DATA SECTION Start Marker
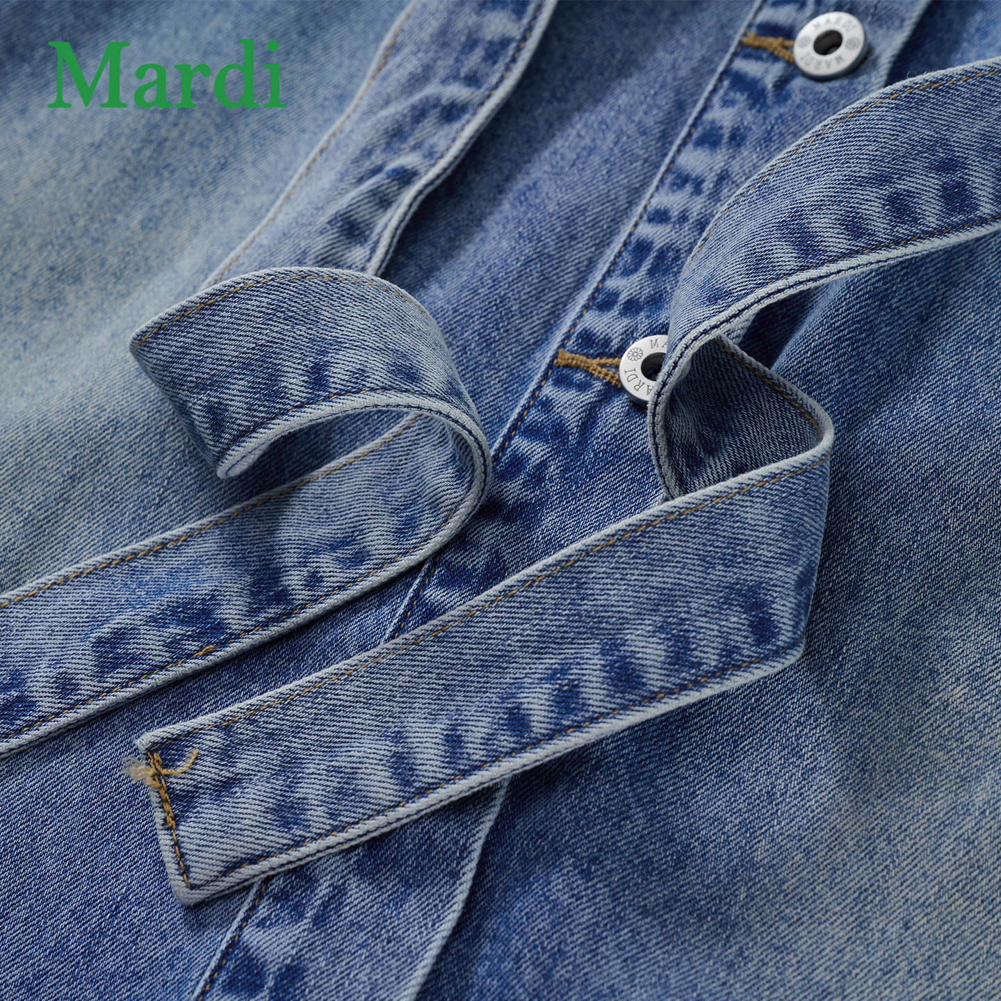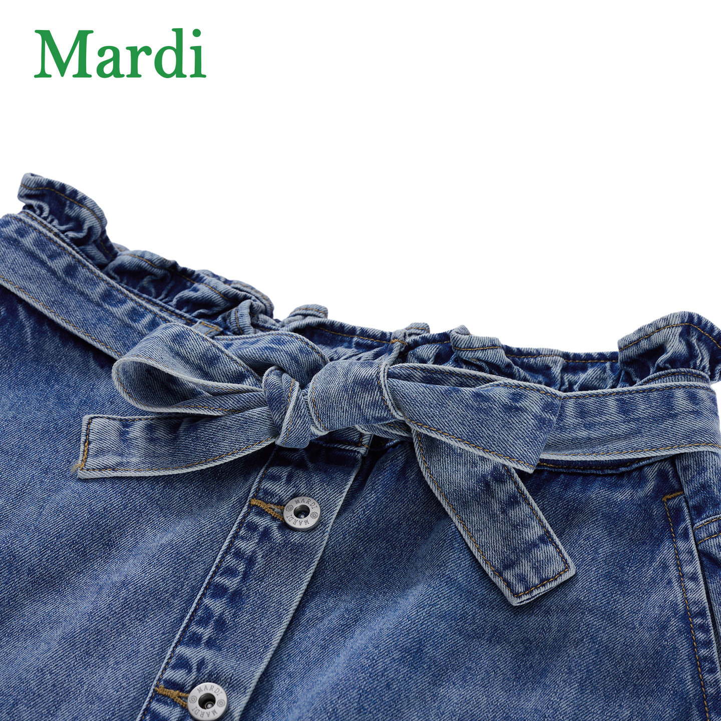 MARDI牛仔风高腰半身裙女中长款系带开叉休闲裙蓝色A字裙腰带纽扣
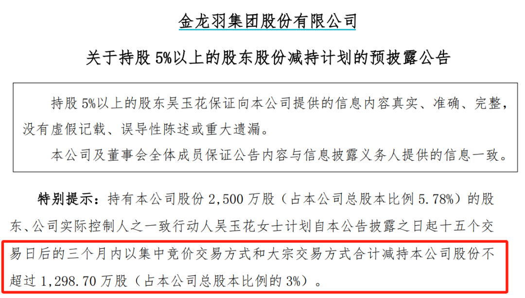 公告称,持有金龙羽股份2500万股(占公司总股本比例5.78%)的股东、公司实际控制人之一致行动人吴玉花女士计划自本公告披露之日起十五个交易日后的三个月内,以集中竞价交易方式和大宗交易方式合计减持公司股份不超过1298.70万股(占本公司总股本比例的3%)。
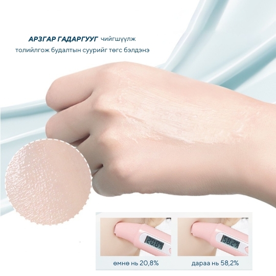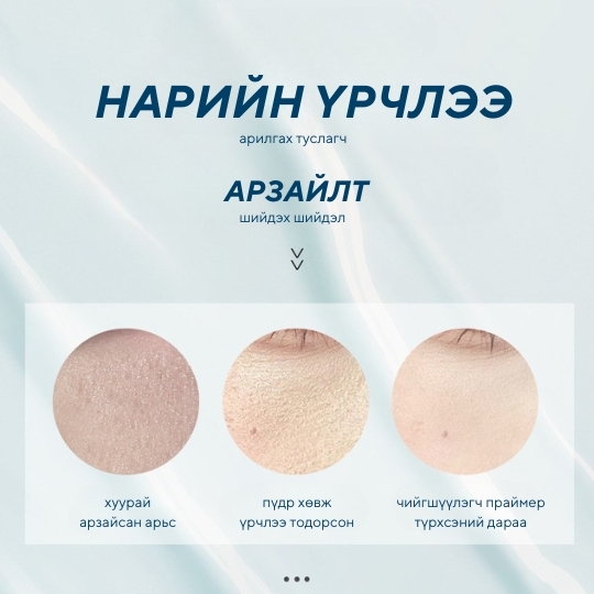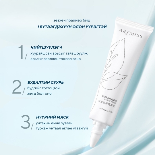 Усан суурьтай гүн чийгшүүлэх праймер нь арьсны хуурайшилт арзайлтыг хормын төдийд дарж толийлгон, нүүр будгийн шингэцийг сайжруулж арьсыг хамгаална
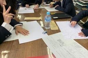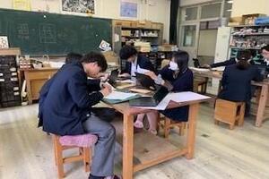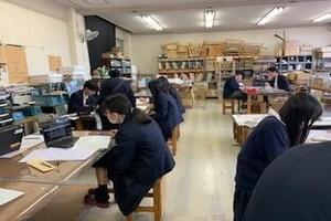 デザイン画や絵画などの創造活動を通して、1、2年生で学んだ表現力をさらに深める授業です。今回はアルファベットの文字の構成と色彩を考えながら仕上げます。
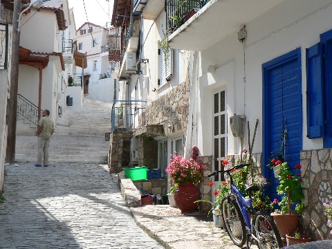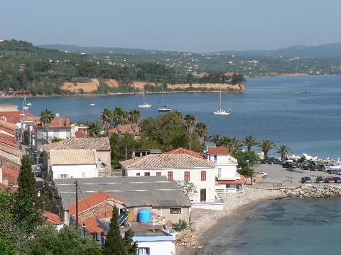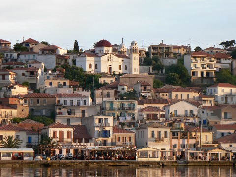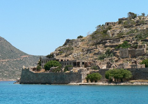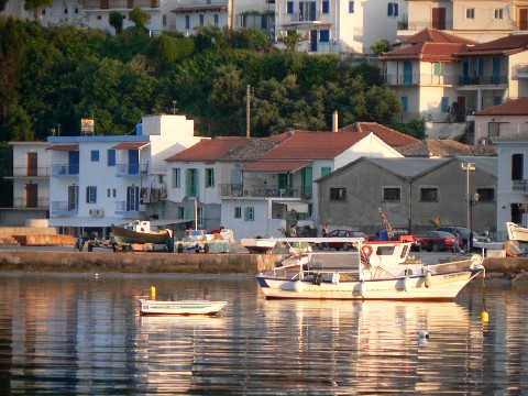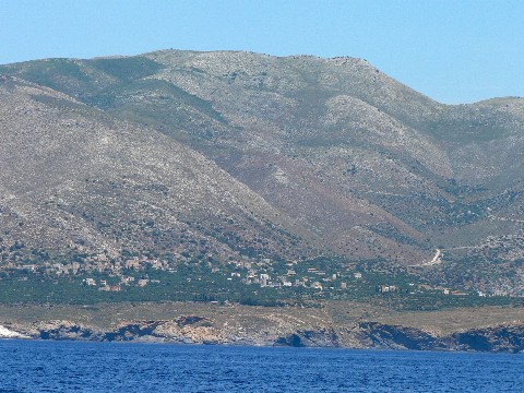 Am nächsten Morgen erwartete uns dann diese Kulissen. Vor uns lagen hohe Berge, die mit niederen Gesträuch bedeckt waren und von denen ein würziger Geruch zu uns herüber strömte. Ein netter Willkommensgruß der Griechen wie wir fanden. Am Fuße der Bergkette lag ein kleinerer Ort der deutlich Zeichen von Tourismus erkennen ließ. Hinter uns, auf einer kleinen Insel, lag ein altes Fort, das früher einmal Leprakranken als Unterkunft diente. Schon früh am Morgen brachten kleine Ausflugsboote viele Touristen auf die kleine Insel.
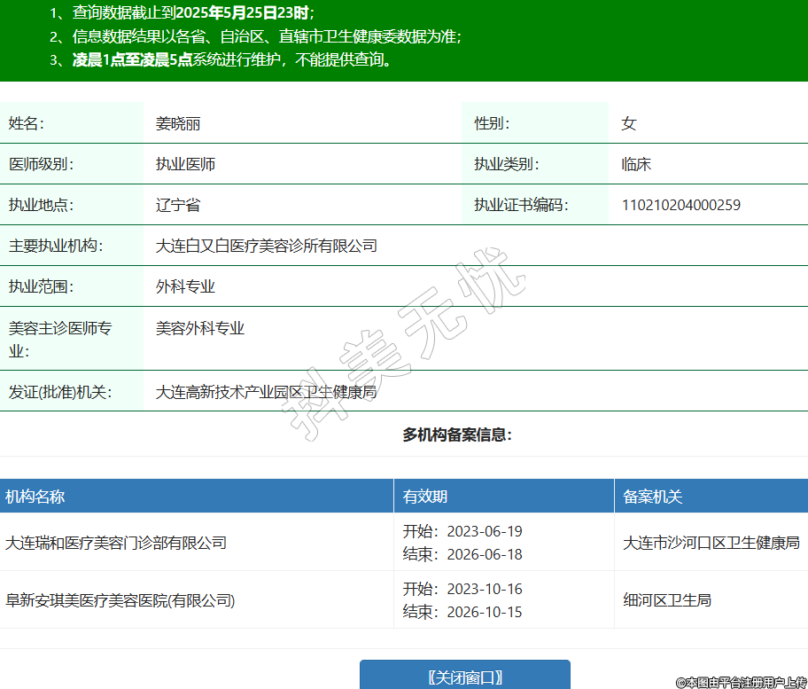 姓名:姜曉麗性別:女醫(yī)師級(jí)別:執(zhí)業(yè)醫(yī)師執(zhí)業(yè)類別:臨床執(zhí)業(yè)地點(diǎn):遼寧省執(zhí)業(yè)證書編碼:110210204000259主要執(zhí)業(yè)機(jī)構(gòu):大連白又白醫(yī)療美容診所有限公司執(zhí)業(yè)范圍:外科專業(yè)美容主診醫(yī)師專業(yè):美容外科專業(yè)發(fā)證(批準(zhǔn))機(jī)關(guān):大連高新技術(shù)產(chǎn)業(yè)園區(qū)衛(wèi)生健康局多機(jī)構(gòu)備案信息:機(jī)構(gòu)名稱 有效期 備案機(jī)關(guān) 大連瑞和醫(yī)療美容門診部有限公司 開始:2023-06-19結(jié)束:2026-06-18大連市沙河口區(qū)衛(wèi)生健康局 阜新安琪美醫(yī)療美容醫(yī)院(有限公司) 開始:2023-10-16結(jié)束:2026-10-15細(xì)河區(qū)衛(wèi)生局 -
DATA SECTION End Marker
> [ASSIGNMENT]:
Leaving every picture aside, reproduce exactly the lines above from the one with "公告称,持有金龙羽股份250" up to and including the one with "Усан суурьтай гүн", and no others.

> [WRITTEN ANSWER]:
 公告称,持有金龙羽股份2500万股(占公司总股本比例5.78%)的股东、公司实际控制人之一致行动人吴玉花女士计划自本公告披露之日起十五个交易日后的三个月内,以集中竞价交易方式和大宗交易方式合计减持公司股份不超过1298.70万股(占本公司总股本比例的3%)。
 Усан суурьтай гүн чийгшүүлэх праймер нь арьсны хуурайшилт арзайлтыг хормын төдийд дарж толийлгон, нүүр будгийн шингэцийг сайжруулж арьсыг хамгаална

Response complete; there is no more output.